Posted by ballightning on April 3, 2009

Will Wright shared some of his secrets about Spore and the incorporation of the community in game design at the Web 2.0 Expo in San Francisco today in conversation with Federated Media chief executive John Battelle


A game designer at Electronic Arts, Wright has created some of the best selling games of all time, including The Sims franchise, which has sold more than 100 million copies. He shared some of his secrets about the process — and how to incorporate users into game design — at the  in San Francisco today in conversation with Federated Media chief executive John Battelle.
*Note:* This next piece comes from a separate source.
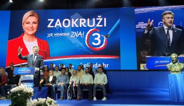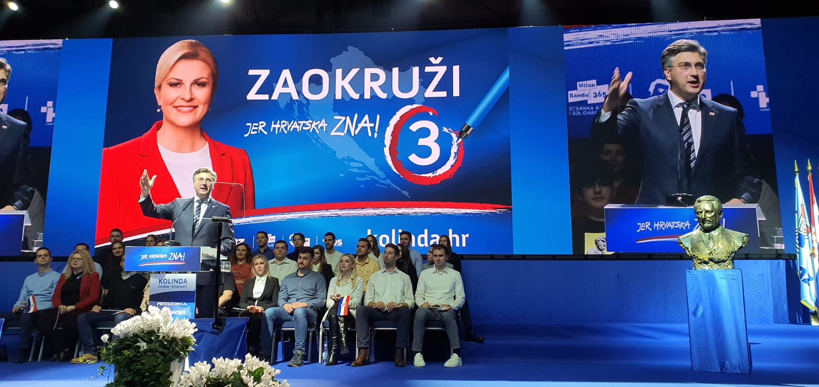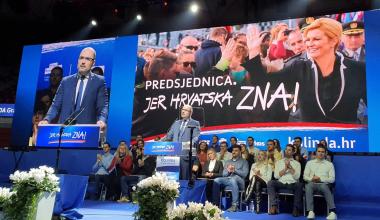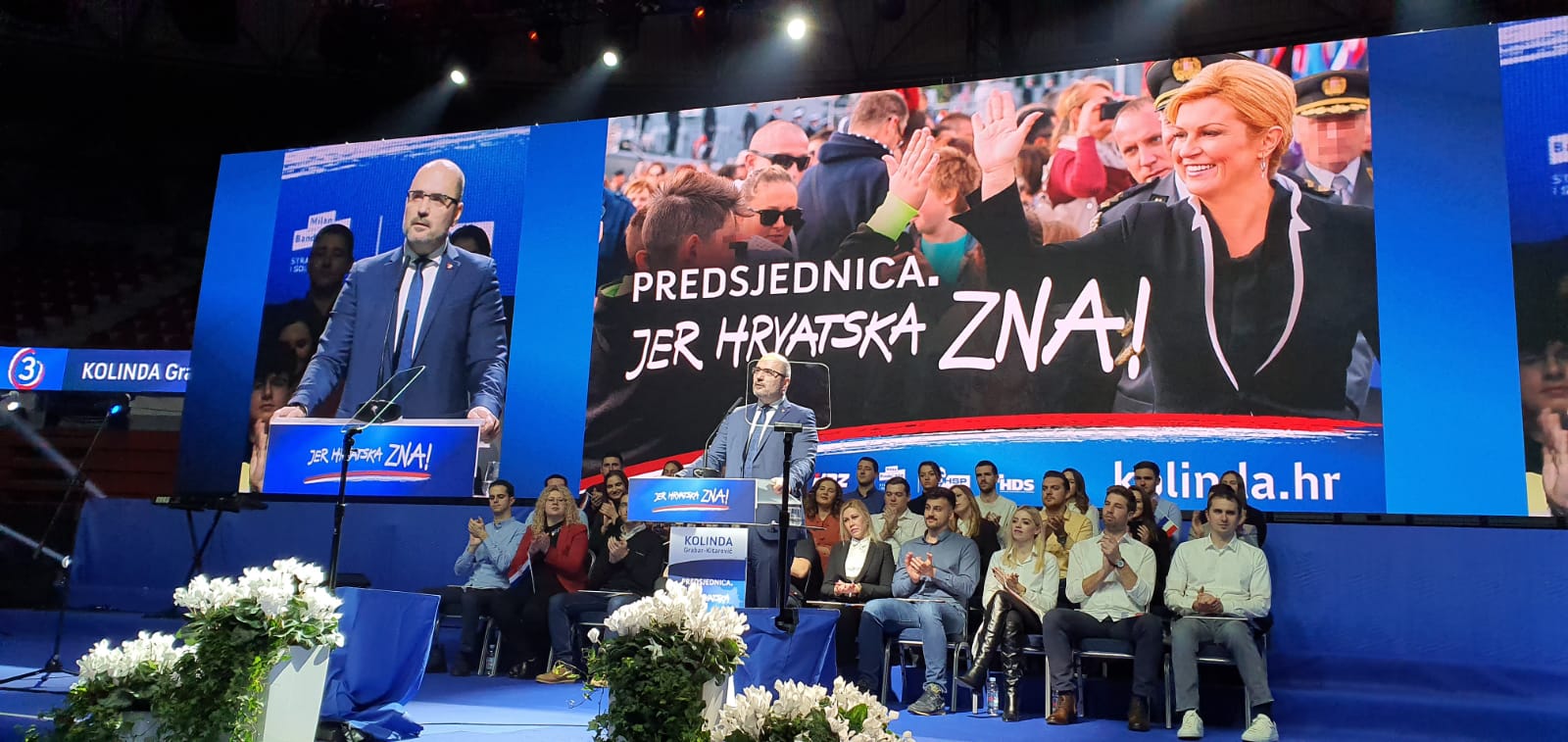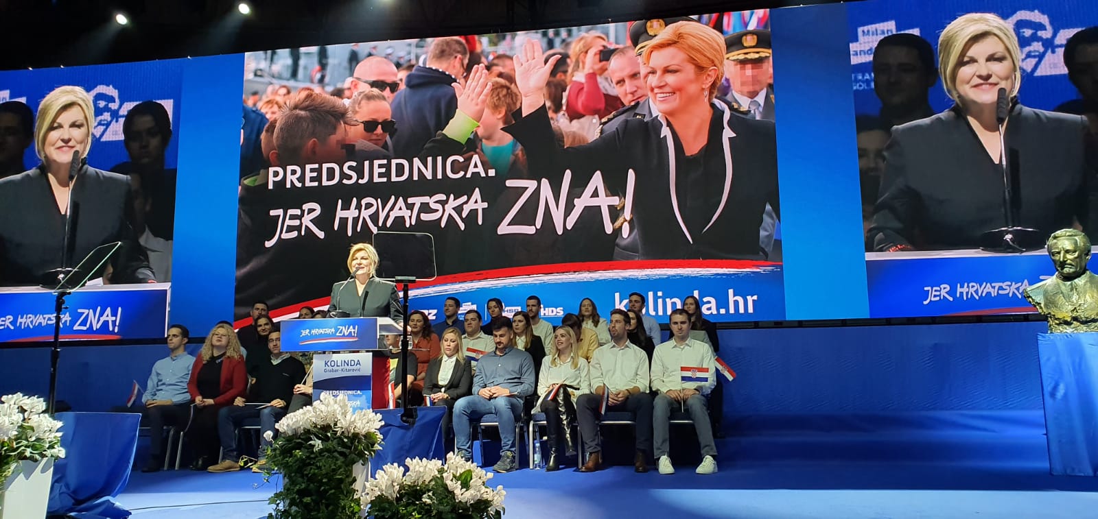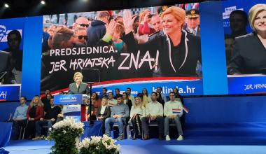 U zagrebačkoj dvorani Dražena Petrovića predsjednička kandidatkinja HDZ-a Republike Hrvatske Kolinda Grabar-Kitarović održala je središnji predizborni skup na kojemu je bilo nekoliko tisuća ljudi.

Wright acknowledged that his latest game, Spore, wasn’t the blockbuster it was expected to be. Spore is a mult-dimensional game where you could start life as a single-cell animal, evolve into a creature, grow into a tribe and planet-wide civilization, and then take over the universe. Many people expected Spore to be one of the best-selling games of all time, given Wright’s track record, huge publicity that included a cover story on Wired magazine, and Wright’s seven-year journey to complete the game. .

But the game has sold in the low millions and it isn’t clear whether it will have any of the traction that The Sims did. (A new version, The Sims 3, will launch in June, more than nine years after the first game debuted.)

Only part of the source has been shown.